Migrating files to newly added OST so as to balance content
It is desirable to distribute access over as many Lustre OSS as possible, so when a new OSS umdist04.aglt2.org was added with its 8 new OST, we set out to move files from the two exising OST, umfs05 and umfs06, into the newly installed system.
On 9/3/2010 a 4th file server, umdist03, was added to the mix, and the migration was repeated.
Migration from umfs06, umfs05 to umdist04
- All scripts used are saved in svn
- Total occupied space in lustre is 66TB (47TB free, 118TB total)
- umdist04 capacity is 32.9TB, 28% of the total, so plan on moving 1/4 of 66TB, or 16TB
- Choose all files within lustre that are stored on existing OST, and with names that match six patterns. These generally correspond to large data files.
- Patterns
- *.AOD.*
- DESD_COLLCAND.*
- NTUP_MUONCALIB*
- AOD.*
- *.ESD.*
- *.RAW.*
- Script
- Script executes once per pattern, listing all obd already containing data
- lfs find /lustre/umt3 -type f -name "pattern" -obd umt3-OST0000 -obd .... > log_file
- Catenate and sort lists uniquely and add up space (~1+ hours to do) occupied by the files in the consequent list
- Occupies 43TB, of which we will move 16TB, or 37%
- Randomly choose 37% of the files in the prepared list, and split those to 5 listings
- 139000 files selected.
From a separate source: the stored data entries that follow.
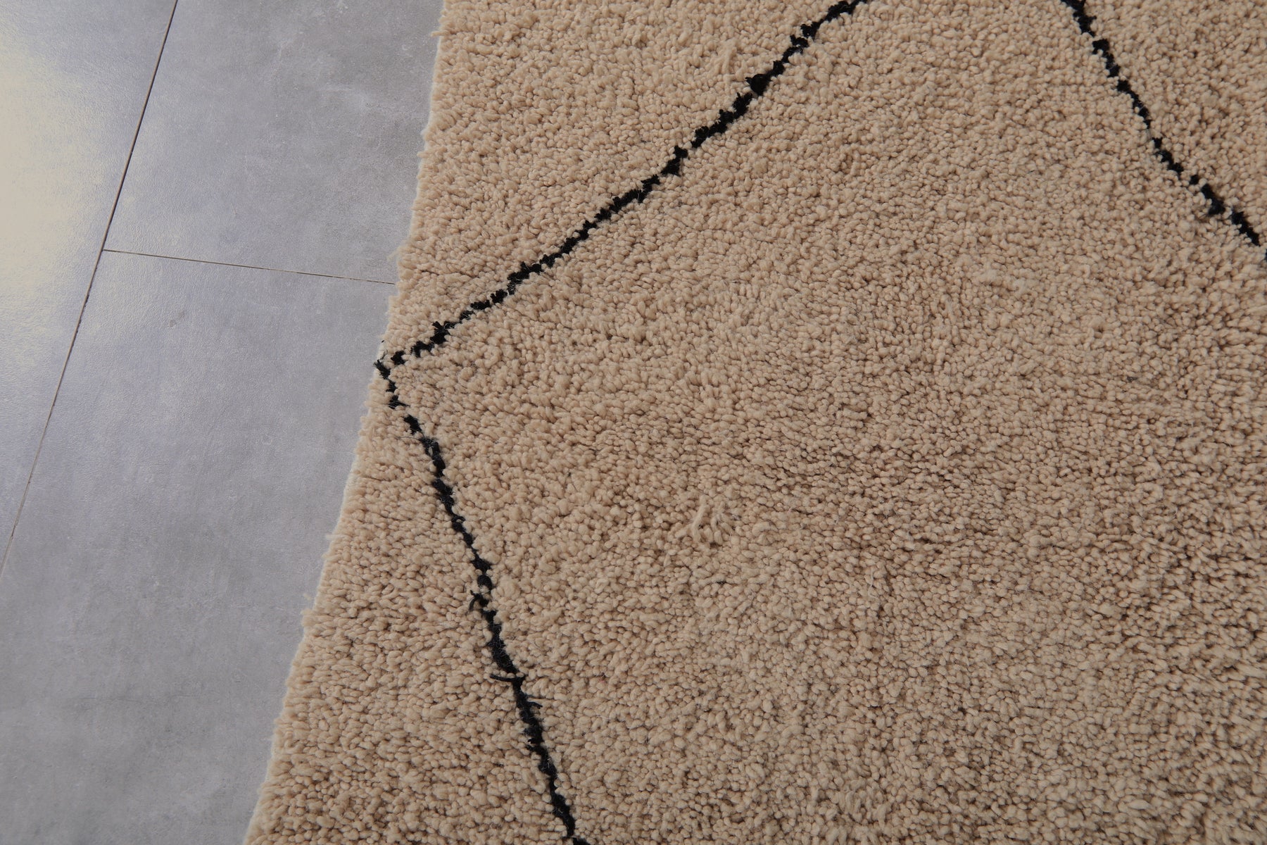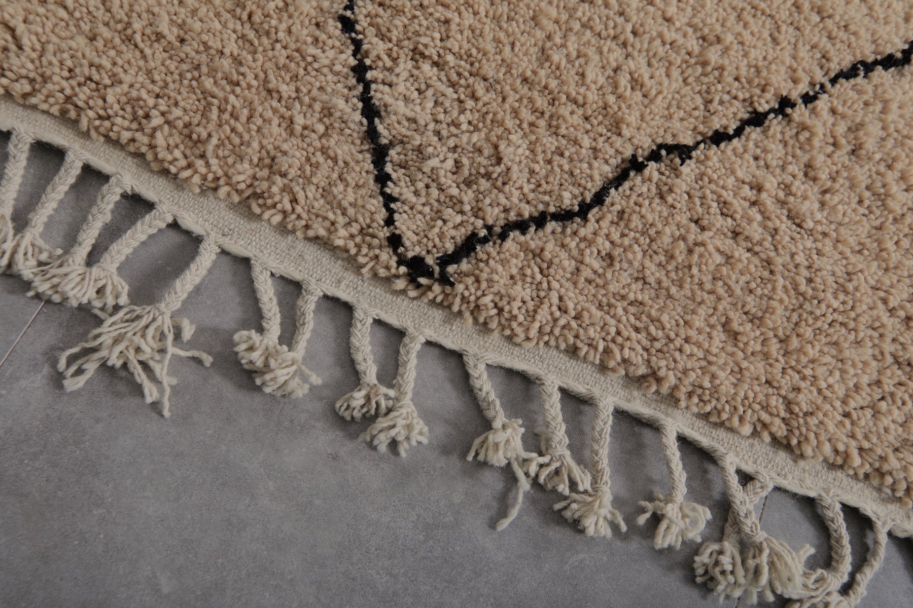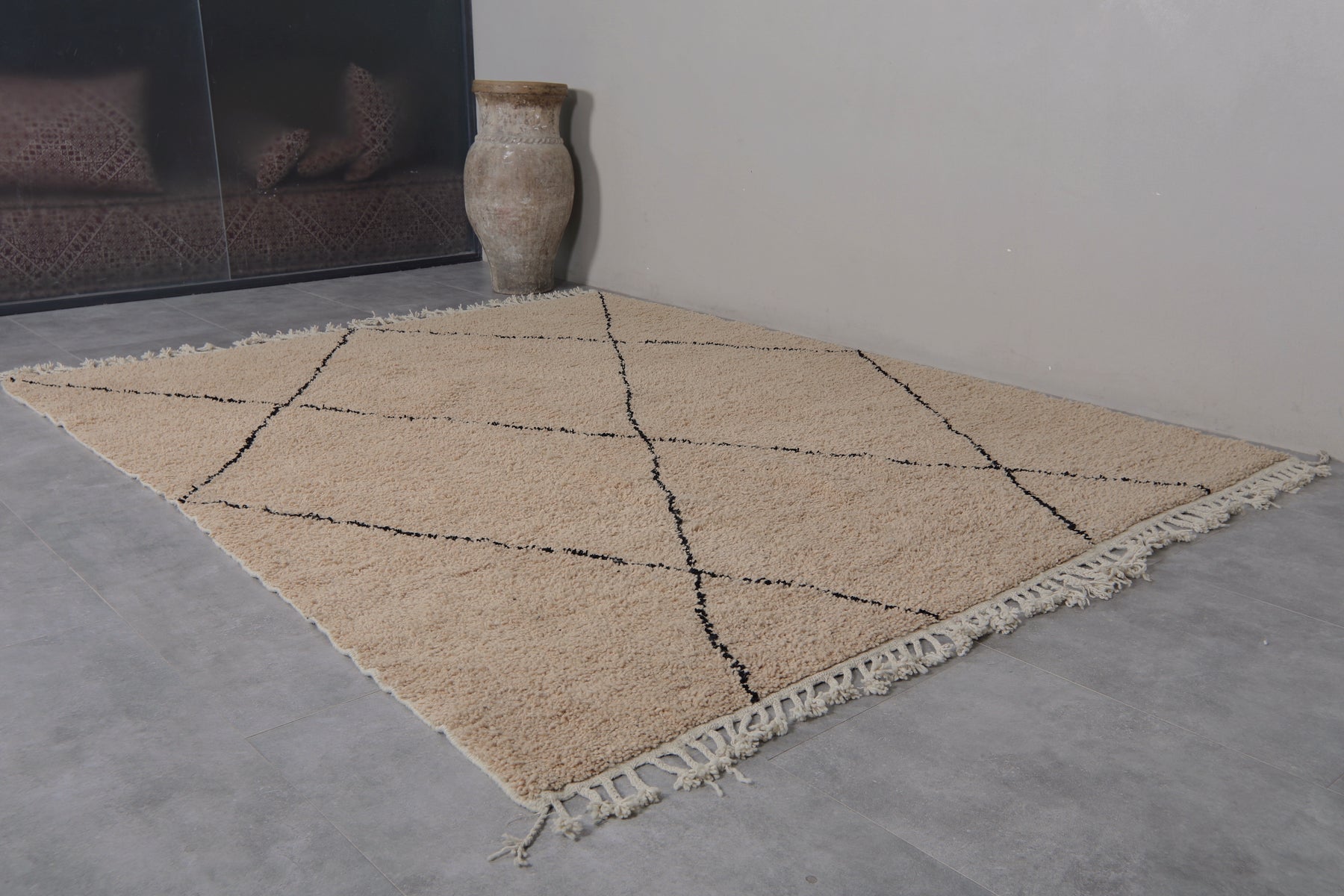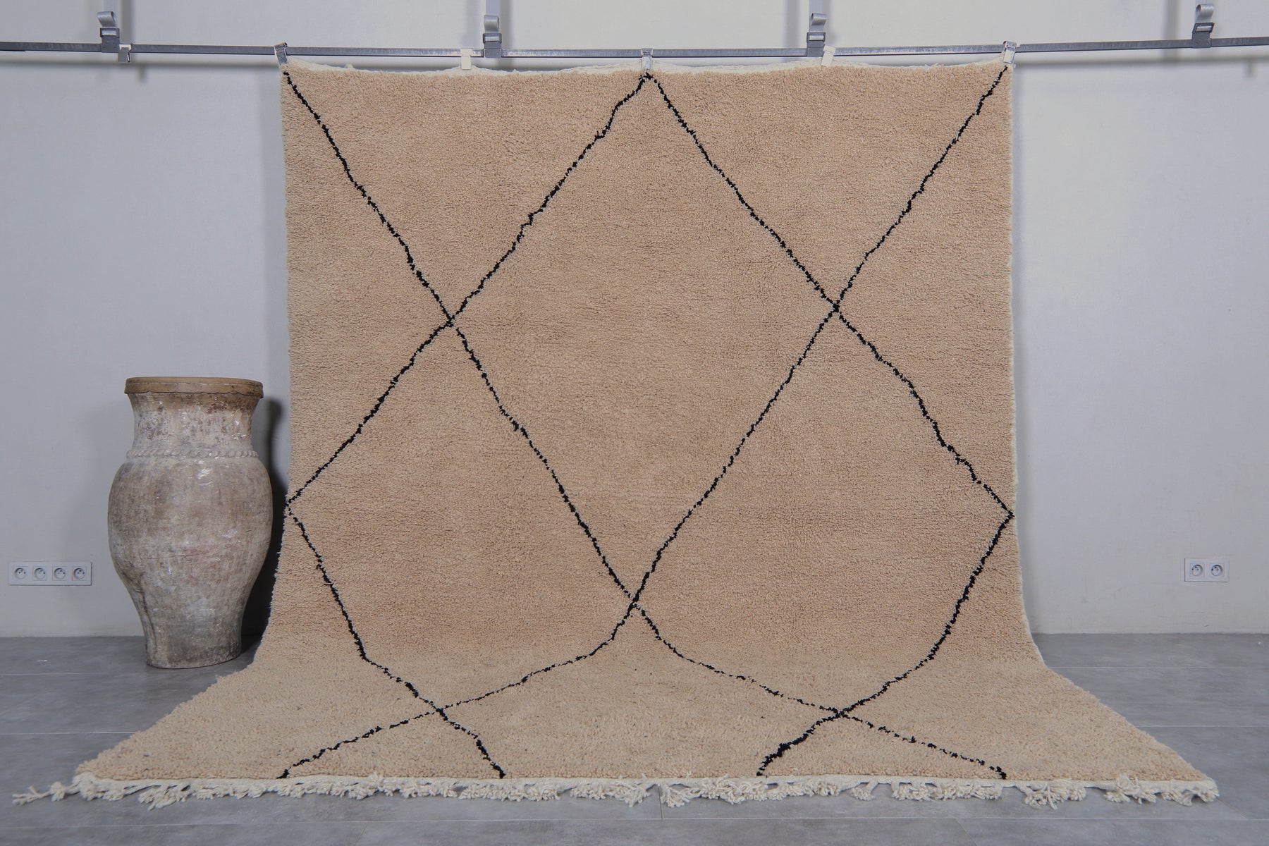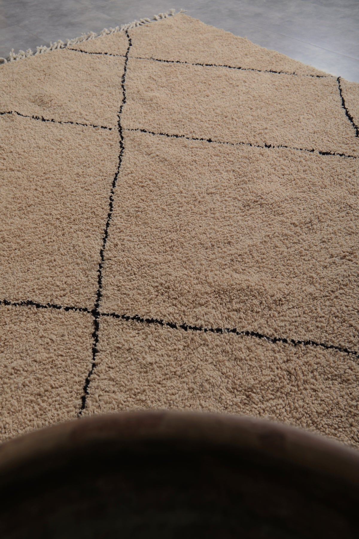 Infuse your home with the rich heritage of Morocco with this handwoven Beni Ourain rug, crafted by skilled artisans using traditional Berber techniques. This stunning beige Moroccan rug features a classic diamond lattice pattern in black, delivering the perfect balance of minimalist elegance and cultural charm.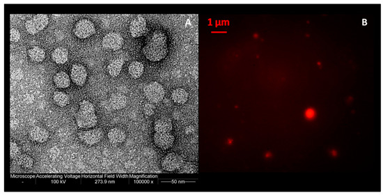 In order to obtain information about morphology, transmission electron microscopy (TEM) (Figure 4A) and fluorescence imaging (Figure 4B) were used. As showed in Figure 4, spherical and separated liposomes were achieved with all the formulations tested.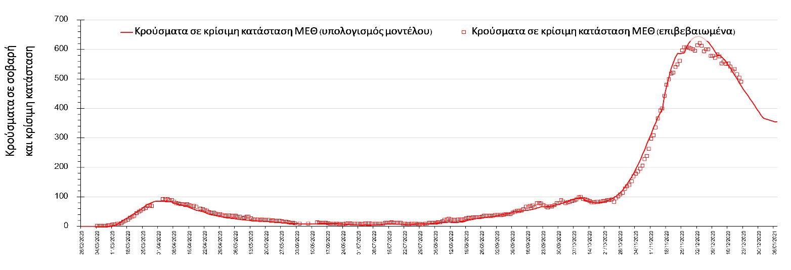 Η συνολική πορεία των κρουσμάτων, αλλά και η αρχή αποκλιμάκωσης που παρατηρείται τις τελευταίες ημέρες στον αριθμό των ασθενών σε κρίσιμη κατάσταση (διασωληνομένοι σε ΜΕΘ), μετά τα χθεσινά αποτελέσματα, συνάδει με τις προσομοιώσεις του μοντέλου CORE για τον επόμενο μήνα. Παρά την εφαρμογή οριζοντίων μέτρων ανάσχεσης της πανδημίας, η πορεία της διαφοροποιείται από περιοχή σε περιοχή, ενώ παραμένουν περιοχές που η κατάσταση δεν εμφανίζει σταθερά σημάδια πτωτικής πορείας. Οι παραπάνω παρατηρήσεις τείνουν στο συμπέρασμα ότι η διαχείριση του υγειονομικού κινδύνου θα πρέπει να εξεταστεί σε τοπικό επίπεδο από τη στιγμή που συνολικά στη χώρα φαίνεται να έχουμε ξεπεράσει την κορύφωση του συγκεκριμένου επιδημικού κύματος του Νοεμβρίου.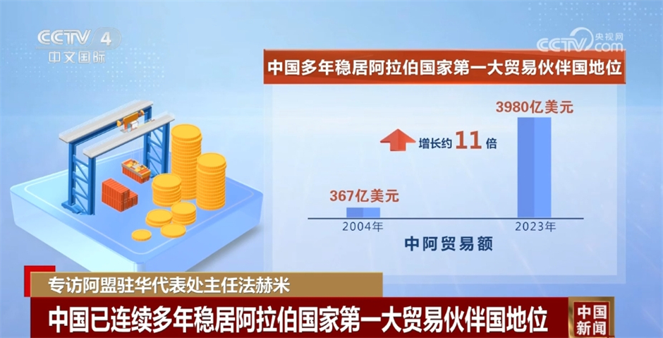 而在經(jīng)貿(mào)層面,中國已連續(xù)多年穩(wěn)居阿拉伯國家第一大貿(mào)易伙伴國地位,中阿貿(mào)易額從2004年的367億美元增至2023年的3980億美元,增長約11倍。特別值得一提的是,目前,全部22個(gè)阿拉伯國家和阿盟均同中方簽署了共建“一帶一路”合作文件。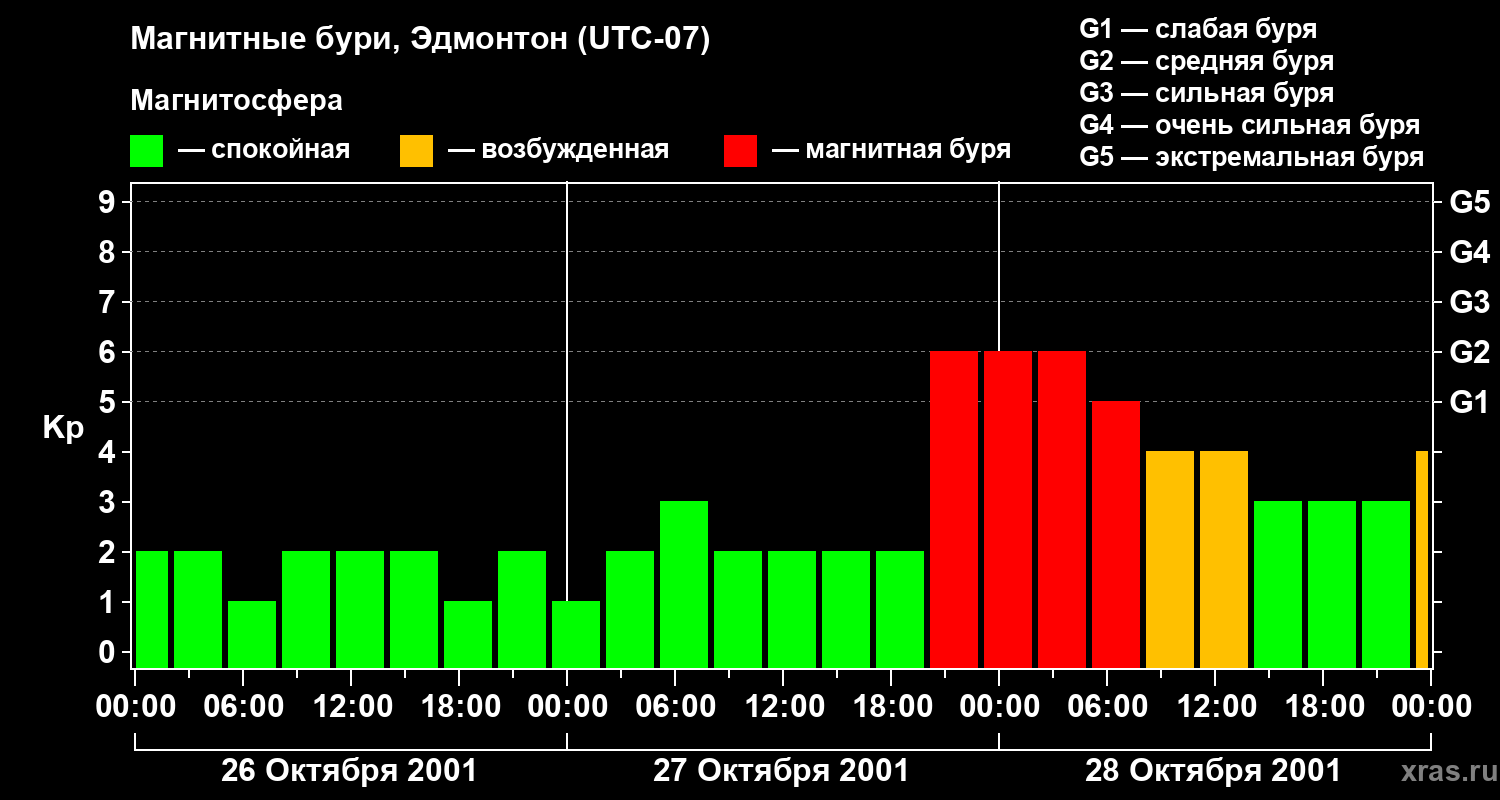 Магнитные бури в Эдмонтоне — 28 октября 2001 года

Split to 5 files each of 28368 lines, ie, files to move.
- Set the OST on the umfs05/umfs06 OSS to readonly, eg
- lctl --device umt3-OST0012-osc deactivate
- Run lfs_migrate on 5 worker nodes, one per listing, where the worker nodes are idle in Condor and already upgraded to the 1.8.4 version of Lustre
- Lustre 1.8.3 bugs cause problems with this procedure
- Looks like about 112MB/s is copied to umdist04
- Set read-only OST back to read-write, eg
- lctl --device umt3-OST0012-osc activate
Migration from umfs05, umfs06 and umdist04 to umdist03
During the first migration, UM Worker Nodes were used to control the migration. However, it was noticed that these were running around 30MB/s input data rate, and this may well have been a throttle on how long the migration took to run.
For this migration, we will use scripts running on machines with 10Gb NICs only.
Details
- Total occupied space in lustre is 95TB (68TB free, 171TB total)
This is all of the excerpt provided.